One reason behind our incomplete understanding of brood care in birds is that most research, particularly on cooperative species, has focused so far on quantifying the individual contribution of carers, overlooking other important dimensions of this behaviour [82]. Recent studies have uncovered that reproductive success can depend on the coordination of nest visits among different group members. In long tailed tits Aegithalos caudatus, for example, joint visits at the nest (usually referred to as “synchrony” in the literature, e.g. [61] reduce the risk of brood predation [11], whereas, in carrion crows Corvus corone, alternation of carers in provisioning the brood (also referred to as “turn taking”, e.g. [81] improves the body condition of the young and their post-fledging survival [90]. Therefore, to fully understand how meteorological stressors affect the provisioning behaviour of birds and what are the consequences on reproduction, a comprehensive approach shall be adopted.

Some short-term studies have shown that weather conditions affect nest visitation rate in cooperative bird societies like the long-tailed tit, where all carers provision the brood significantly less in warmer days [63]. Hot temperatures may affect group members in different ways, like in the pied babbler Turdoides bicolor, where dominants but not helpers reduce their provisioning rate in hot days, with negative consequences on nestling growth [94]. Similarly, in chestnut-crowned babblers Pomatostomus ruficeps, the lack of rainfall, high wind speed and high temperature affect breeders and helpers differently and group coordination (measured as proportion of synchronous visits) declines in hot days [69].

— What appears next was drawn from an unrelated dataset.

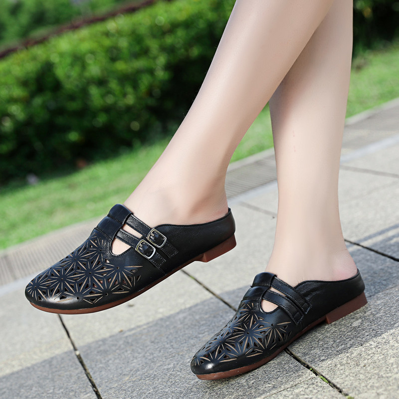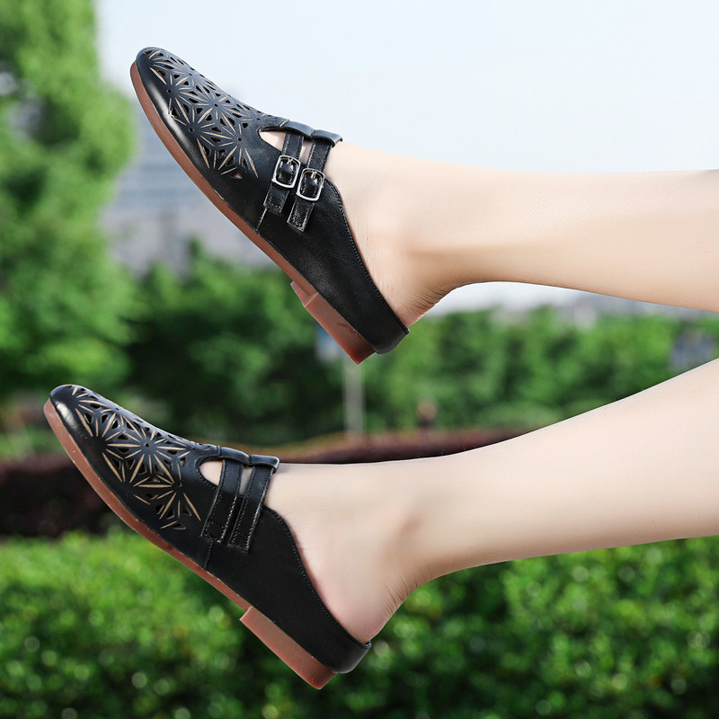 Слайдеры, летние тапочки для отдыха для матери, из натуральной кожи, большой размер, мягкая подошва

However, a key question that remains unanswered is whether these short-term effects of weather conditions on provisioning behaviour translate into measurable consequences over the long term, given the current context of global warming. Here, we address this question in the cooperatively breeding carrion crow, by analysing an extensive data set, which covers the last twenty-six years.

In Spain, carrion crows form complex kin groups where up to seven subordinated individuals can join a dominant breeding couple [8]. Subordinates are non-breeding retained offspring or immigrants, mostly males, that are related to the same-sex breeder and that can sire chick in the brood [6]. Subordinate group members participate in brood care, boosting reproductive success [24], although their contribution can vary largely [22], with some birds refraining from providing care at all [5]. Recently, it has also been found that the degree of alternation of carer in provisioning the brood significantly improves the body condition of the nestlings, enhancing their post-fledging survival [90].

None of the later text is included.